Note that once you’ve run code for the first time, it becomes available as a run option in the top toolbar and can be easily run again using the green play button at the top of the PyCharm window. Ensure that the filename next to the button is the one you want to run, as shown in Figure 1.9:

Figure 1.9: Running the previous code again

7. In its current state, the graphics window isn’t much help to us if it won’t stay open. Therefore, we need to force it to stay open. You see that as the code executes line by line, once it reaches the end, the compiler considers the program to be finished. All graphics windows need to be forced to stay open with an endless loop that runs until a specific condition is reached. Game engines inherently have this built in and call it the main game loop. As you will discover in Chapter 6, Updating and Drawing the Graphics Environment, the main loop is the heartbeat of all graphics programs. In this case, we must create our own. To do this, modify the code by adding the highlighted text to your program as follows:

   import pygame

   pygame.init()

   screen_width = 1000

   screen_height = 800

   screen = pygame.display.set_mode((screen_width,

                    screen_height))

   done = False

   while not done:

     for event in pygame.event.get():

       if event.type == pygame.QUIT:

         done = True

     pygame.display.update()

   pygame.quit()

Tool tip

Instead of relying on braces, for example, ‘{‘ and ‘}’ to segment code blocks, Python relies on indentation, and at the end of a line with a Boolean expression, you will always find a full colon (:).

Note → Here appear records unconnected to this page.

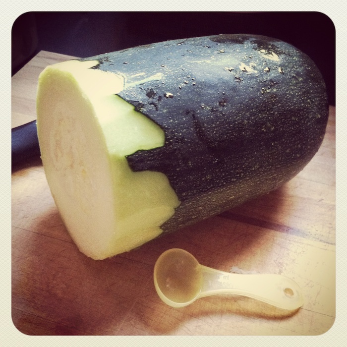 My lovely sister-in-law gave me a recipe for zucchini relish. I needed something to do with the woppin’ big zucchini my friend, Juli, had dropped off from her parents’ garden – it’s huge! Here is a pic of it with a teaspoon measure to get the idea. Well, this is half of it as I’d already used some for the zucchini marmalade recipe I got from Juli…the boys went crazy when they saw it!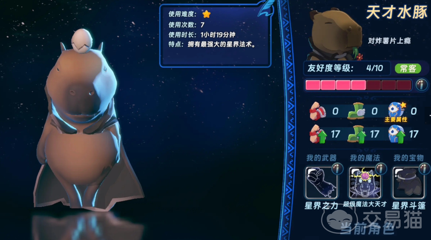 第三位为天才水豚。作为零门槛获取角色,其普攻自带三重追踪法术,命中判定稳定,适配高密度敌群环境。当装备激光炮、流星雨等范围型法术宝物后,其AOE覆盖率与爆发潜力大幅提升。操作要点在于:激光炮自动朝向最近敌人,普攻具备智能锁定功能;完成两次普攻后,印记层数开始生效,后续大招将根据印记数量重复释放,实现多段技能输出。该角色的成长曲线平滑,中后期配合印记类增益宝物,可达成持续高频的群体压制效果。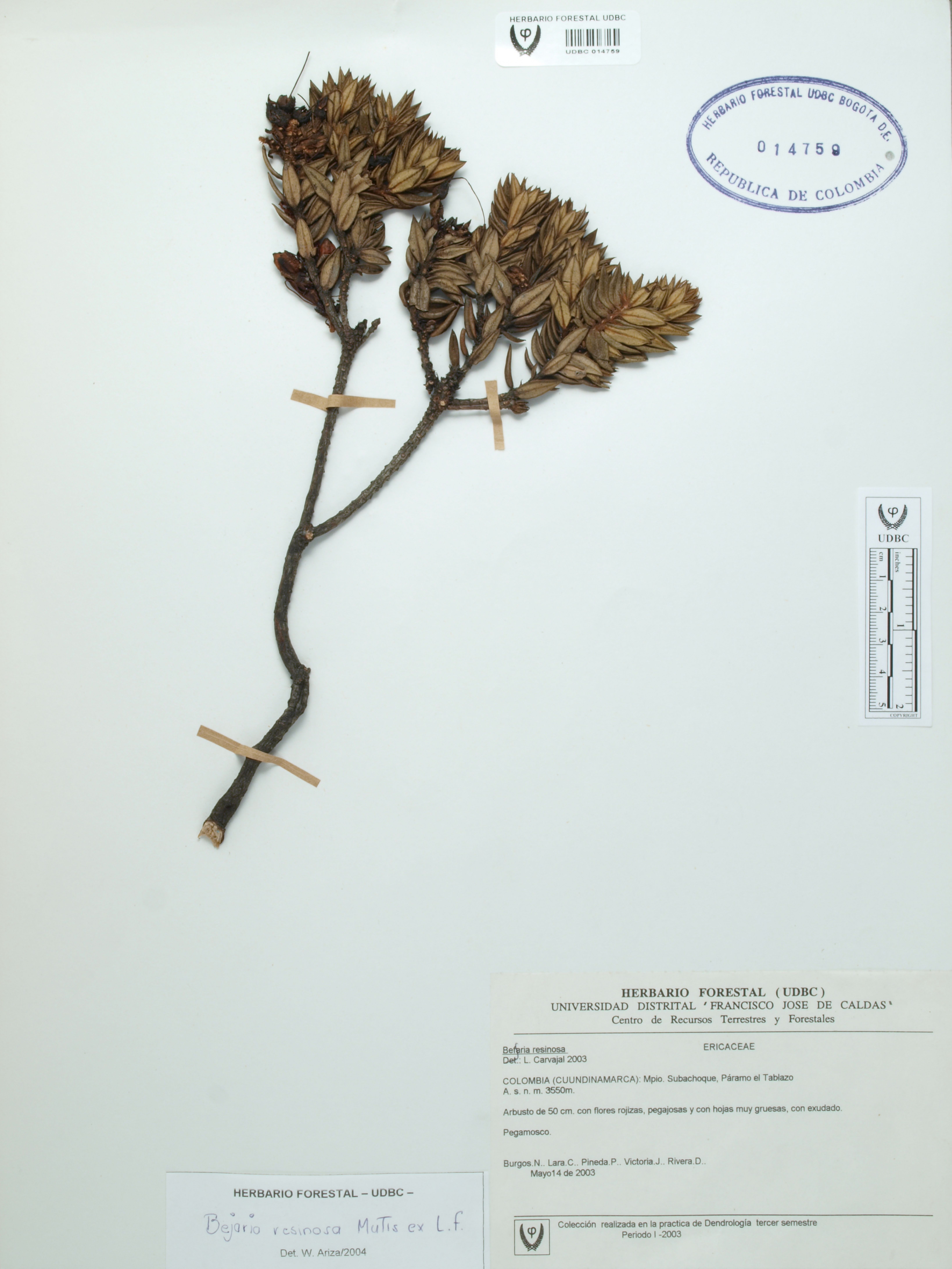 Fotografía del ejemplar Burgos, N., determinado como Bejaria resinosa en el año 2003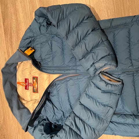 Parajumpers Super Lightweight dunjakke for herre i størrelse M. Jakken er blå på utsiden med lys innside og karakteristiske oransje detaljer. Fylt med dun for lett isolasjon. Modellen har glidelåslukking foran, høy krage og flere lommer, inkludert innvendig lomme merket «Security Pocket». Egnet som lett ytterjakke i kjøligere vær. En ca 8mm rift foran (se siste bildet) ellers ingen slitasje. Kom gjerne med bud 😊

You’ve just created an endless loop that will keep running until the window is manually closed by the user. The done variable is initially set to false, and only when it becomes true can the loop end. pygame.event.get() returns a list of events the window has received since the last loop. These can be keystrokes, mouse movements, or any other user input. In this case, we are looking for pygame.QUIT to have occurred. This event is signaled by the attempted closing of the window. The final pygame.quit() method safely closes down all Pygame processes before the window closes.

8. Run the program again. This time, the graphics window will stay open. It can be closed using the regular window closing icons that appear on the top bar of the window (on the left in Mac OS and on the right in Windows).
9. Because code will be reused and updated from chapter to chapter, the best way to organize it all would be to place all the code for a chapter into its own folder. So, let’s create a folder for Chapter One. To do this, right-click on the Mathematics project folder at the top and then select New > Directory, as shown in Figure 1.10. Name the folder Chapter_One.
10. Drag and drop HelloWindow.py into the new folder. PyCharm will ask you to refactor the code and it’s fine to go ahead and do so. You can now keep all the code from any chapter in one place even when the same script names are used.
11. 

Figure 1.10: Creating a new directory inside PyCharm

And that’s it. Your first basic graphics window. Keep a copy of this code handy as you will need to use it as the basis of all projects from this point forward. Whenever we ask you to create a new Python file in PyCharm, this code will be the jumping-off point.

Hints

To further help you with creating a window, consider the following points:

- If you haven’t used Python before but are familiar with other programming languages, the absence of brackets and braces for the sectioning of code will feel a little odd at first. Instead of brackets, Python uses indentation. You can read more about this at www.geeksforgeeks.org/indentation-in-python/.

- Python does not need semicolons at the end of lines.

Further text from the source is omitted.